第18回日本キャリアデザイン学会研究大会(2)

 昨日の続きで週末に開催された日本キャリアデザイン学会研究大会の感想です。1日め午後の自由論題では中大の佐藤博樹先生と法大の松浦民恵先生の報告も興味深いものでした。松浦先生は連続でのご登場となりました。
 在宅勤務の拡大などで人事管理上注目されている仕事と仕事以外の「境界管理」に関する調査で、仕事が生活に入り込んでいる「仕事優先」、生活が仕事に入り込んでいる「家庭優先」、双方がある「統合」、双方ともない「分離」の4タイプを、さらに意識的に境界管理に取り組んでいる「能動型」とそうでない「受動型」とに分けた8類型および上司・企業のワークライフバランス支援と、エンゲージメントや生活満足度、時間利用の満足度、仕事との心理的距離の確保および疲労回復との関係を明らかにしたものです。
 結果としては、8つの類型とエンゲージメント等の関係では、統合・能動型が最も高くなっており、エンゲージメントについては分離型を除いて有意に高くなっている一方、生活満足度については受動型がすべて有意に低い一方で能動型では有意な結果が得られていないようです。これは仕事との距離感や疲労回復でも同様の結果となっており、境界管理の能動性が重要であるように見えます。さらに上司・企業の支援を加えた分析では、上司・企業の 支援はどちらもすべてに対して有意にプラスであるなどの結果も示されています。

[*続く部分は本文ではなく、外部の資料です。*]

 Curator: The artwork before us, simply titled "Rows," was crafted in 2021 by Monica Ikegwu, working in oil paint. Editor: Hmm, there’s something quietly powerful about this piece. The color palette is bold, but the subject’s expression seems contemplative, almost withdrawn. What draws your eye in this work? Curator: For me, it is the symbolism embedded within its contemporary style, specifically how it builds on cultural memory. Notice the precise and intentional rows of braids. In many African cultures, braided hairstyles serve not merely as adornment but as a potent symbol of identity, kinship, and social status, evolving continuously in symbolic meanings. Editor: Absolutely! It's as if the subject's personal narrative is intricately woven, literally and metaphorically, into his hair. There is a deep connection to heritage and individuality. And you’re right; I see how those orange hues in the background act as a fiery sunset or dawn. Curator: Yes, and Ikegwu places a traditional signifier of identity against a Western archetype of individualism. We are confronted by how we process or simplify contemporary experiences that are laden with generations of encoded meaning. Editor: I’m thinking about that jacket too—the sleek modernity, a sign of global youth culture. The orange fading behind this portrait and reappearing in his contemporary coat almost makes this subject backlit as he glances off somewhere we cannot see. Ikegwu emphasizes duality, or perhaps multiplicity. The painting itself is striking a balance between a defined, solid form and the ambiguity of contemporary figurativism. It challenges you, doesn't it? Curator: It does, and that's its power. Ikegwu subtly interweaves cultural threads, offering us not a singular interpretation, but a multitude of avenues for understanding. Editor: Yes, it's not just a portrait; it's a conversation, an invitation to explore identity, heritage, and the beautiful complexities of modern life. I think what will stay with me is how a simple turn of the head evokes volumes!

 結論としては統合・仕事優先・分離のそれぞれの能動型が、エンゲージメントも生活満足度も高く、企業・従業員双方に望ましい働き方であり、境界管理を能動的に適切に実施できることは企業にとっても重要と考えられること、加えて上司・企業によるワークライフバランス支援が必要であるということのようでした。

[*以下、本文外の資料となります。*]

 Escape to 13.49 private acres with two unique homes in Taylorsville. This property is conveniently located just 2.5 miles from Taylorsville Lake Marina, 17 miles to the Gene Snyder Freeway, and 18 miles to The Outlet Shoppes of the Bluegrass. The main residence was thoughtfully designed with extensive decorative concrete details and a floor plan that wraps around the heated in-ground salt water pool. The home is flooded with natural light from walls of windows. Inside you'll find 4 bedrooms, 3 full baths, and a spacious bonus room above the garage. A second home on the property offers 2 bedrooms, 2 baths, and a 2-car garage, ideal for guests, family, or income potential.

 私の感想としては、これはその場でも申し上げたのですが、受動型から能動型になることが望ましいということは非常に納得のいくものではあるのですが、受動型に甘んじざるを得ないのは仕事の問題というよりは例えば小さな子どもがいるといった家庭的な要因や業務に集中できるスペースが住宅内で確保できないといったインフラの要因などに規定されていて、これに企業が介入して能動型に変えるというのもなかなか難しいのではないかと思いました。もちろん、だからこそ上司や企業の支援がより重要となるのだ、というのもわかるのですが。
 さて1日めは自由論題セッションに続いて会場校(大正大学)企画として「時空を超えた学びの可能性 ─ 大正大学での実践例 ─」という実践報告がありました。

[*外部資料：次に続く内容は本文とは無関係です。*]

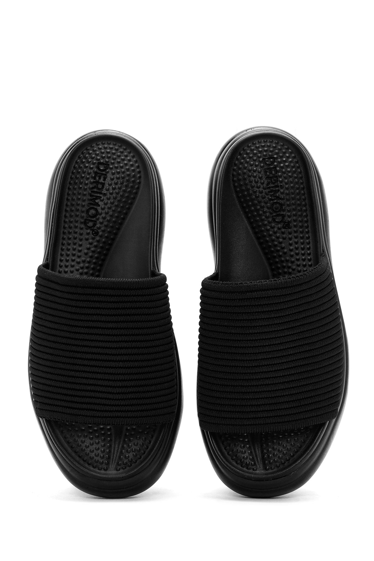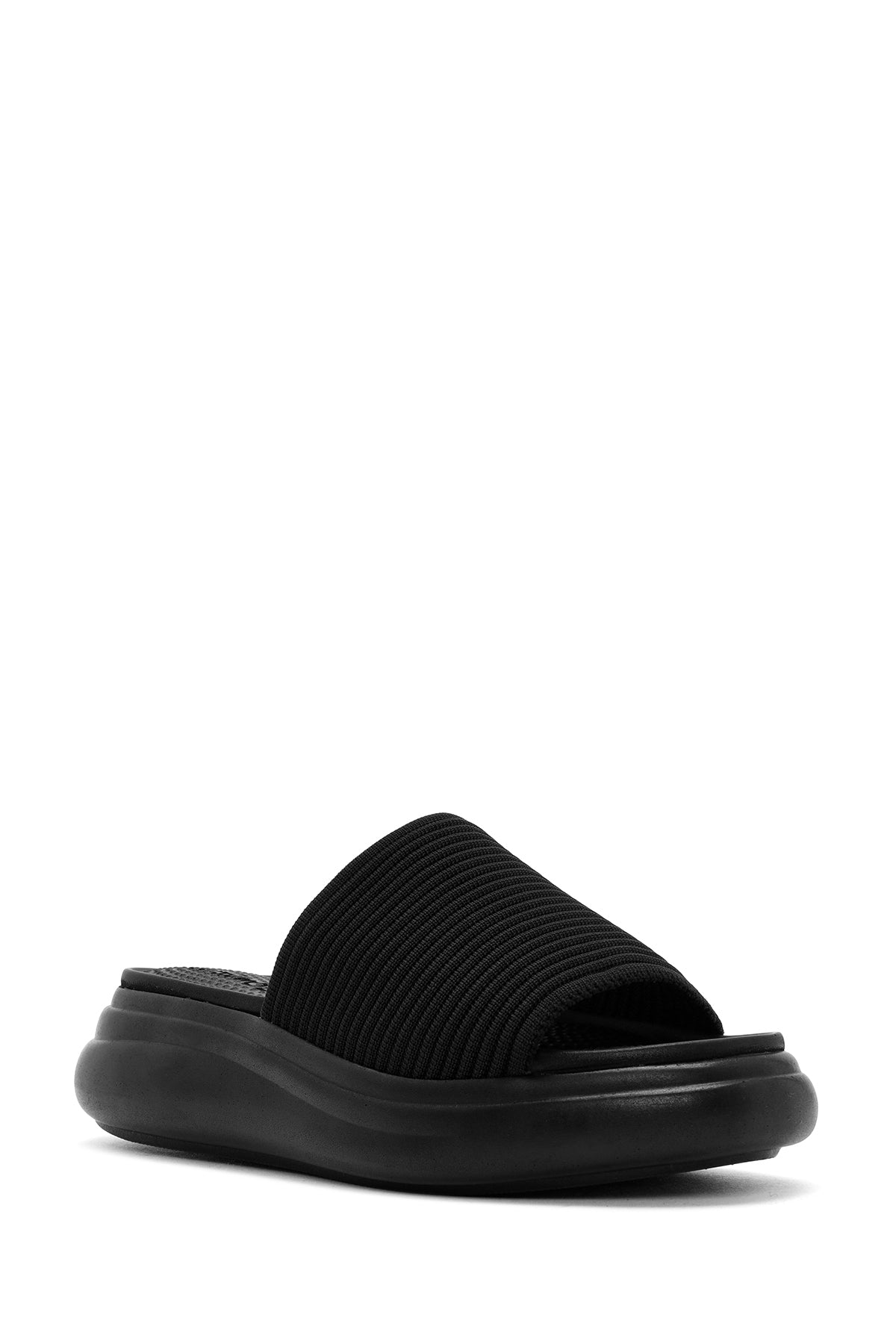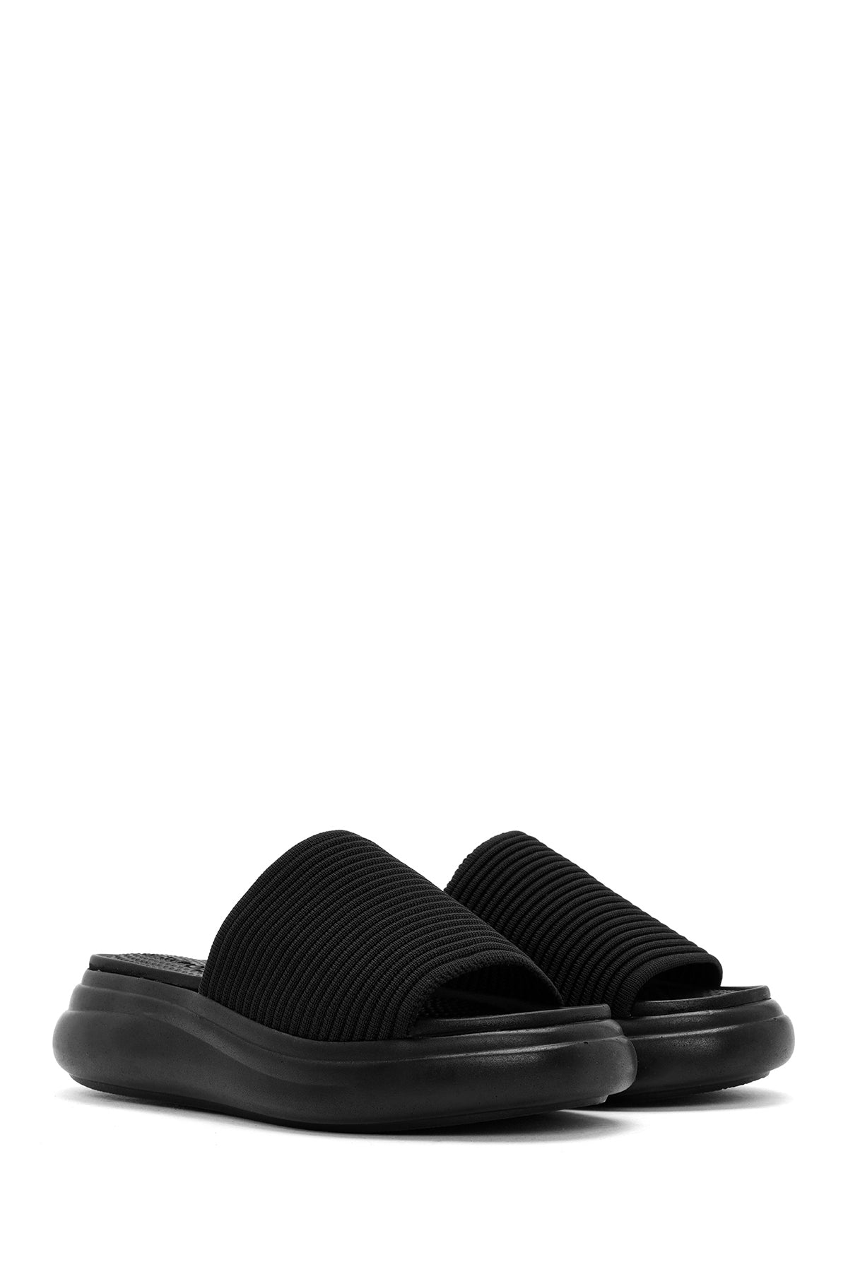 Kadın Siyah Kalın Tabanlı Kumaş Terlik

 大正大学は周知のとおりもともとは多宗派(天台宗真言宗豊山派真言宗智山派・浄土宗)の連合により見学された仏教系大学であり、こんにちも仏教学部は存在しますが、その他の学部は社会共生学部、地域創生学部、表現学部、心理社会学部、文学部となかなかユニークな構成になっています。中でも社会共生学部と地域創生学部は2016年に新設された新しい学部であり、地域に根差した文系総合大学を目指しているようです。
 今回は地域創生学部における地域に根差したフィールドワークによるアクティブラーニングの取り組みが紹介されました。はじめに大正大学内に設置されている地域構想研究所の阿南支局長である鈴江省吾さん、同じく藤枝支局長である天野浩史さんから実践報告がありました。鈴江さんは阿南市役所の元課長さんで、天野さんは藤枝を拠点に教育支援活動に取り組んでおられる方とのことです。さらには学部生の方からも体験報告があり、なかなか意欲的な実践が行われていることを伺わせる、たいへん充実した報告でした。
 感じたのは、これは玄田有史先生も指摘しておられたのですが、こうした立派な実践の背後には教員の方や職員の方のご苦労が相当にあるはずで、特に2016年の学部新設当初の準備は相当に大変だったと思われます。そうした中で鈴江さんや天野さんのような良好な地域のパートナーを確保できたことで、こうした学びを軌道に乗せることができたということでしょう。またコロナ禍の影響もかなりものがあったはずで、関係者や学生さんのパワーには敬服するよりありません。
 さて1日めのセッションはこれで終わり、夜はオンライン懇親会で肩の力の抜けたコミュニケーション…だったかな?まあ愉快なひと時を過ごしました。ということで2日めの感想は明日以降とさせていただきます。